2. Second, MSA visualization to identify those alignments with indels.
3. Third, remove substrate sequences whose length differ from the motif's length (we consider these substrates are non-matrix-contributing sequences).

## Import libraries

In [1]:
import os
import sys
import pandas as pd
from bs4 import BeautifulSoup
import requests  
import gzip
import json

## my modules ##
sys.path.append("../Utils/")    # modules folder
from fasta_utils import readFasta_gzip
from motifs_utils import motif_scan

## Define variables and paths

In [1]:
base = "../../"

data = "data/"

url_motifs_path = os.path.join(base, data, "ubinet/motif_links_ubinet.txt")
ubinet_degrons_path = os.path.join(base, data, "ubinet/all_positive_set/")
ubinet_degrons_kept_path = os.path.join(base, data, "ubinet/kept_positive_set/")
ubinet_degrons_discarded_path = os.path.join(base, data, "ubinet/discarded_positive_set/")
weight_m_path = os.path.join(base, data, "ubinet/motif_matrices/PWM/")                 

## Define functions

In [3]:
# Test OK!
def map_E3_substrates(ESIs_file, scan_dir, ESIs_file_filtered = None, sep = "\t", save = True):
    """
    Generates a human-filtered E3-ligase-substrate interactions dictionary 
    
    Parameters
    ----------
    ESIs_file: str
                Path to the folder where the file containing E3-ligase-substrate interactions (ESIs) is located 
    scan_dir: str
                Path to the folder where the PWM scans are stored
    ESIs_file_filtered: str (default: None)
                Path to the folder where the filtered ESIs file will be located. Not mandatory. 
    sep: str (default: "\t")
                Column separator in the ESIs_file
    save: boolean (default: True)
                If True, the ESIs dictionary is considered to be saved. 
                If False, the ESIs dictionary is not considered to be saved. 
                By default, the function considers saving the ESIs dictionary as a file, 
                printing an error bypass message in case no ESIs_file_filtered is provided. 
                
    Returns
    -------
    ESIs: dict
                Dictionary containing E3-ligase-substrate interactions (ESIs) in the form of 
                {E3-ligase AC: [substrates AC]}
    """
    
    # Load E3-substrate interactions file
    ESIs_df = pd.read_csv(ESIs_file, sep = sep)
    
    # Generate a dictionary of E3-ligases and their corresponding substrates
    E3s = [E3.split(".")[0] for E3 in os.listdir(scan_dir)]
    ESIs = {}
    counter = 0
    for E3 in E3s:
        #print(f'E3-ligase: {E3}')
        substrates = ESIs_df.loc[(ESIs_df.E3_AC == E3) & 
                                 (ESIs_df.SUB_ORGANISM == 'Homo sapiens (Human)') & (ESIs_df.SUB_AC != '-'),
                                 "SUB_AC"].values
        substrates = list(set(substrates))     # set transformation to avoid duplicated substrates 
                                               # (problem with UbiNet data)
        ESIs[E3] = substrates
        counter += 1
    
    if save:
        try:
            with open(ESIs_file_filtered+'.json', 'w') as fp:
                json.dump(ESIs, fp)
        except TypeError:
            print("Error: name for output file not provided, saving aborted. \
            The dictionary is still generated as a variable.")
    
    print(f'Number of retrieved ESIs: {counter}')
    return ESIs
        


In [4]:
# Test OK!
def parse_motifs_msa(urlbase, links_path, ESIs, proteome, pos_set_dir):
    """
    Parses a UbiNet motif's MSA from the E3 ligase motif HTML and extracts a MSA dataframe per E3-ligase 
    containing gene, sequence, start and end columns.

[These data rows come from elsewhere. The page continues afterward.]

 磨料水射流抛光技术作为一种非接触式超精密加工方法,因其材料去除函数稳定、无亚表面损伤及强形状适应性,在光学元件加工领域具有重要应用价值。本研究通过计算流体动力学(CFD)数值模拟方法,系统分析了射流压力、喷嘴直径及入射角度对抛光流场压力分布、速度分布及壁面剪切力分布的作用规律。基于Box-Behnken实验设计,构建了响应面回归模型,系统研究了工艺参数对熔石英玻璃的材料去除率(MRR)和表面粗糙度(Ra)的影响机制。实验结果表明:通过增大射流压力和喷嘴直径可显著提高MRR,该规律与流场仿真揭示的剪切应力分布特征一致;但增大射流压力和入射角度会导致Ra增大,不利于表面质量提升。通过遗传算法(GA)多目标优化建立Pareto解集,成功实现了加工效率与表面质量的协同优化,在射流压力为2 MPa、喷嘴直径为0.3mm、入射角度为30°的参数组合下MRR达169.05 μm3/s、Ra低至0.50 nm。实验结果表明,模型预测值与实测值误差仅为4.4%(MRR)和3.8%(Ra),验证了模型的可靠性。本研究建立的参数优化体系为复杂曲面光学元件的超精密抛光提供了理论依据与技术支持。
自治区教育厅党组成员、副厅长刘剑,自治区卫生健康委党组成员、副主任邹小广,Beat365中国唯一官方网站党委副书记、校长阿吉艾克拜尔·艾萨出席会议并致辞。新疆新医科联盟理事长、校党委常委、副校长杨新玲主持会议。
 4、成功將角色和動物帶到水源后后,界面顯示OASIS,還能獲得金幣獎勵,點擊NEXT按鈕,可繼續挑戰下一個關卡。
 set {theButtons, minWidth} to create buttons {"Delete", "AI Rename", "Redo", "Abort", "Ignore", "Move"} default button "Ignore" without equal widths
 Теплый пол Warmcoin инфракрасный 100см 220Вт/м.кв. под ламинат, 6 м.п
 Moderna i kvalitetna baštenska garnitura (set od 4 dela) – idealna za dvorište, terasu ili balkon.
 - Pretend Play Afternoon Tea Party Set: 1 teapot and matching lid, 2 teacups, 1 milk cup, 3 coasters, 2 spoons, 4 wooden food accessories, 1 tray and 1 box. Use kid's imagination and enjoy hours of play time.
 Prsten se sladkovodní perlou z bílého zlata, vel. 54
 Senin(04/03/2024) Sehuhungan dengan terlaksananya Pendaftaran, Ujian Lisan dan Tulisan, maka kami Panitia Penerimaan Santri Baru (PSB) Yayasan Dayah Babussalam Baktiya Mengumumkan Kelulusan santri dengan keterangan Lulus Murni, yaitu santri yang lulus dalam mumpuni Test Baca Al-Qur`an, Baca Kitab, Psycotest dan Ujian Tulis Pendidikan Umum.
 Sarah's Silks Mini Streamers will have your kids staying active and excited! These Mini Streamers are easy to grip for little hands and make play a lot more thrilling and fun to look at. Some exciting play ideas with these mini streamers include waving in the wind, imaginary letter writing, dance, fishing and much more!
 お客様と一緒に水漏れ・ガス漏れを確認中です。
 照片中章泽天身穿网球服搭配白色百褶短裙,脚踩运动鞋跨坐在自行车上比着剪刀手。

Replaces gene's 5-characters ACs with its corresponding 
    6-character AC
    
    Parameters
    ----------
    urlbase: str
                Non-mutable part of the URL to access the website
    links_path: str
                Path to the folder where the text file with all motifs hyperlinks will be located
    ESIs: dict
                Dictionary containing E3-ligase-substrate interactions (ESIs) in the form of {E3-ligase AC: 
                [substrates ACs]}
    proteome: dict
                Dictionary containing each protein's accession number as key and its sequence as value
    pos_set_dir: str
                Path to the folder where the parsed MSAs will be stored, named after the corresponding E3-ligase AC
    
    Returns
    -------
    None
    """
    
    counter = 0                       # (optional) Monitor progress
    

    with open(links_path) as file:
        for url in file:
            
            counter += 1              # (optional) Monitor progress
            
            E3 = url.split("/")[3]
            print(f'{counter}: {E3}')      # (optional) Monitor progress
            
            
            # Extract motifs MSA
            r = (requests.get(urlbase+url.strip())).text              
            soup = BeautifulSoup(r, 'html.parser')
            msa = str(soup.find_all(name = 'input', attrs = {"name": "aln1"}))  # string transformation required 
                                                                                # for further processing
            
            
            # MSA table processing
            msa = msa.split("*")[-1].split("\n")[1:-1]                          # splitting by *, retrieve matrix 
                                                                                # only; then, splitting by \n, 
                                                                                # separate matrix rows; indeces to 
                                                                                # keep rows only
            msa = [row.split() for row in msa]                                  # separate matrix cols
            msa_df = pd.DataFrame(msa).iloc[:, :4]                              # create df with cols: gene, 
                                                                                # sequence, start, end (first four)
            msa_df.rename(columns = {0: "gene", 
                                     1: "start", 
                                     2: "sequence", 
                                     3: "end"}, 
                          inplace = True)
            msa_df = msa_df[["gene", "sequence", "start", "end"]]               # reorder cols
            msa_df["gene"] = [gene.split("_")[1] 
                              for gene in msa_df["gene"]]                       # keep substrate 5-characters AC 
                                                                                # (remove E3-ligase AC from the 
                                                                                # name)
            msa_df["sequence"] = [seq.replace('.', '') 
                                  for seq in msa_df["sequence"]]                # remove MSA indels to obtain 
                                                                                # actual sequence
            
            
            # MSA table processing: complete gene ACs (using flag variable)
            # Check E3s independently 
            ESIs_E3 = ESIs[E3]                                                  # E3-ligase substrates ACs 
                                                                                # (according to UbiNet ESIs 
                                                                                # downloadable table)
            
            for msa_gene in msa_df["gene"]:                                     # Filter those 5-characters ACs 
                                                                                # with more than 1 match in the 
                                                                                # E3-ligase ESIs list 
                                                                                # (ambigous genes)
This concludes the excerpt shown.